Harvey et al. [10] evolved pipelined image processing operations to transform multi-spectral input synthetic aperture radar (SAR) image planes into a new set of image planes and a conventional supervised classifier was used to label the transformed features. Training data were used to derive a Fisher linear discriminant and GP was applied to find a threshold to reduce the output from the discriminant finding phase to a binary image. However, the discriminability is constrained in the discriminant finding phase and the GP only used as a one-dimensional search tool to find a threshold.

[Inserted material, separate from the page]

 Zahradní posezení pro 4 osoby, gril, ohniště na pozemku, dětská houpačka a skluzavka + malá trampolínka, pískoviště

Sherrah et al. [11] proposed the Evolutionary PreProcessor (EPrep) system which used GP to evolve a good feature mapping by minimising misclassification error. Three typical classifiers: generalised linear machine (GLIM), $k$ -nearest neighbour (k NN) and maximum likelihood classifiers were selected randomly and trained in conjunction with the search for the optimal feature extractors. The misclassification errors on the validation set from those classifiers were used as a fitness value for the individuals in the evolutionary population. The same procedure was used in the co-evolution of feature extraction/classifiers in [12]. This approach, however, makes the feature extraction procedure dependent on the classifier in an opaque way such that there is a potential risk that the evolved preprocessing can be excellent but the classifier can be poor giving a poor overall performance, or vice versa.

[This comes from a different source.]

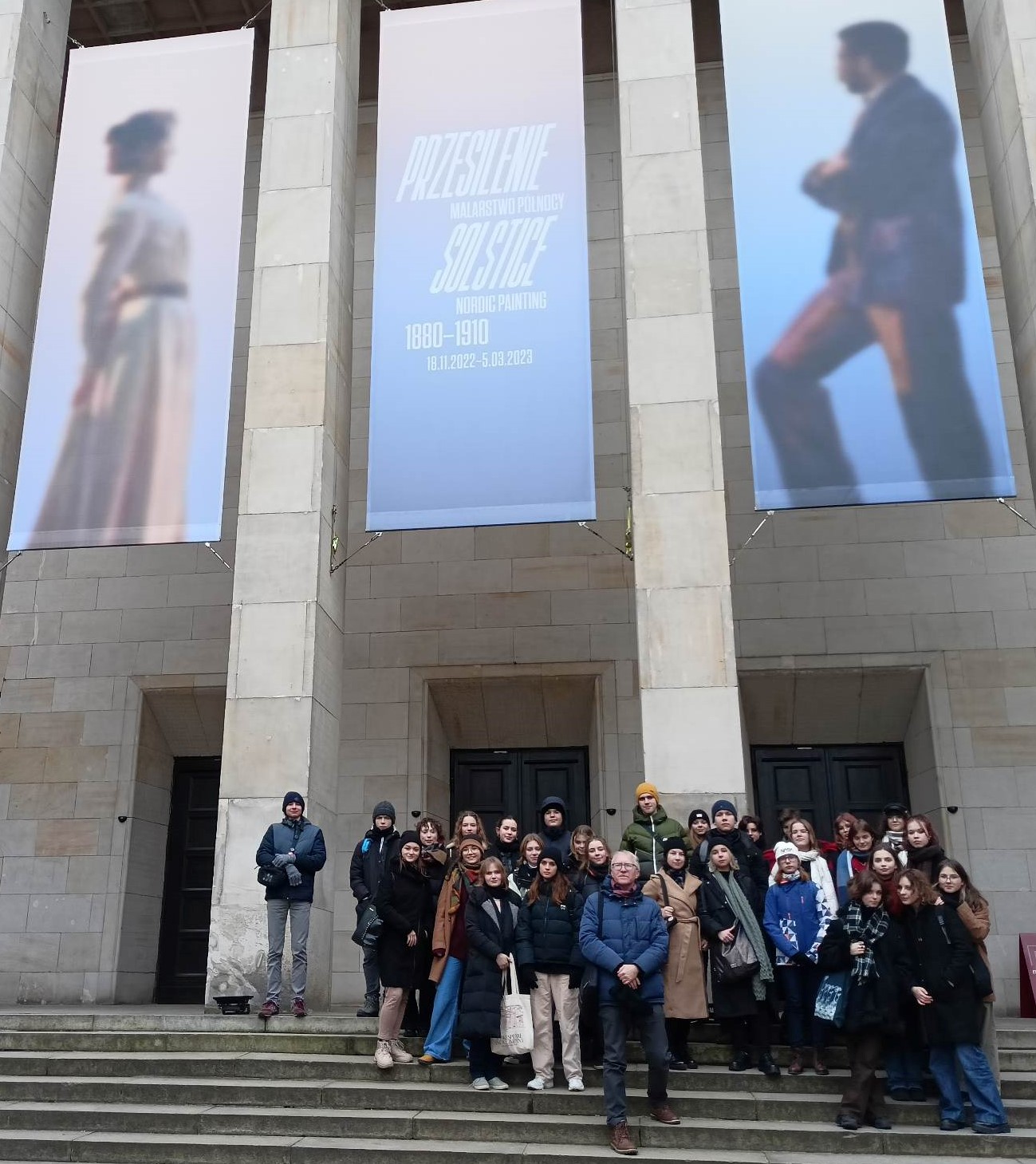 Nasza grupa miała okazję zapoznać się ze sztuką krajów północy, czyli Danii, Norwegii, Szwecji i Finlandii (która nie należy do krajów skandynawskich). Dzieła zachwyciły nas urodą surowej przyrody, niezwykłymi ujęciami postaci, realizmem warsztatu, ale też symboliką i nastrojowością. Widoczna za naszą wspaniałą panią przewodnik kompozycja z rybakami na plaży to przykład pracy pejzażystów szwedzkich malujących w modnej wówczas wśród artystów osadzie Skagen. Z kolei portret kobiety ujętej zza pleców to jedno z dzieł wyśmienitego artysty działającego na pograniczu romantyzmu i realizmu Vilhelma Hammershoi. Cała grupa sportretowała się jeszcze przed wejściem do gmachu muzeum, by tradycyjnie uwiecznić kolejny wyjazd, zaś postać autora tego tekstu w eleganckiej dioramie (inspirowana obrazem Richarda Bergh`a) przypomina, że sztuka jest zawsze blisko nas.

Kotani et al. [13] used GP to determine the polynomial combination of raw features to be fed into a $k$ NN classifier and reported an improvement in classification performance. Krawiec [14] constructed a fixed-length decision vector using GP proposing an extended method to protect ‘useful’ blocks during the evolution. This protection method, however, contributes to the overfitting which is evident from his experiments. Indeed, Krawiec’s results show that for some datasets, the application of his feature extraction method actually produces worse classification performance than using the raw input data alone. Estébanez et al. [15] have followed a similar approach to Krawiec in projecting to a vector decision space of pre-determined dimensionality. Recently, Guo et al. [16] have evolved features in a condition monitoring task although it is not clear whether the elements in the vector of decision variables were evolved at the same time or hand-selected after evolution. Smith and Bull [17] have used GP together with a GA to perform feature construction and feature selection.

Broadly, the previous work on GP feature extraction can be categorised as evolving either: A discrete feature extraction stage which then feeds into a traditional classifier, or evolving a combined feature extraction/classification method which directly outputs a class label. Of the two possible routes, we argue that there is little merit in investing computational effort in evolving classifiers since this area is well understood and has solid theoretical underpinnings. We argue that the available computational effort should be expended on producing good feature extraction; in addition, we question the speed of convergence when exploring a search space which contains not only the set of feature extractors but also the set of all classifiers. Consequently, we adopt the approach here of evolving optimal feature extraction algorithms and performing the classification task using a standard, simple and fast-to-train classifier since the classifier has to be included inside the evolutionary loop to evaluate an individual’s fitness in terms of a separability measure in the decision space. We draw a distinction in the present work between evolving a feature extraction stage and evolving a classifier since the outcome of our evolutionary optimisation is a mapping into a real-valued (1D) decision space, not a map-ping into the space of object labels which is what would result from evolving a classifier. Clearly, our overall ‘system’ does constitute a classification system and our feature extraction stages are conditioned on our choice of classifier, in the present case, a single threshold. As a future extension to the present framework, we envisage mapping the input patterns into a multidimensional decision space (see [11], for example) in which case the choice of classifier is explicitly much more open.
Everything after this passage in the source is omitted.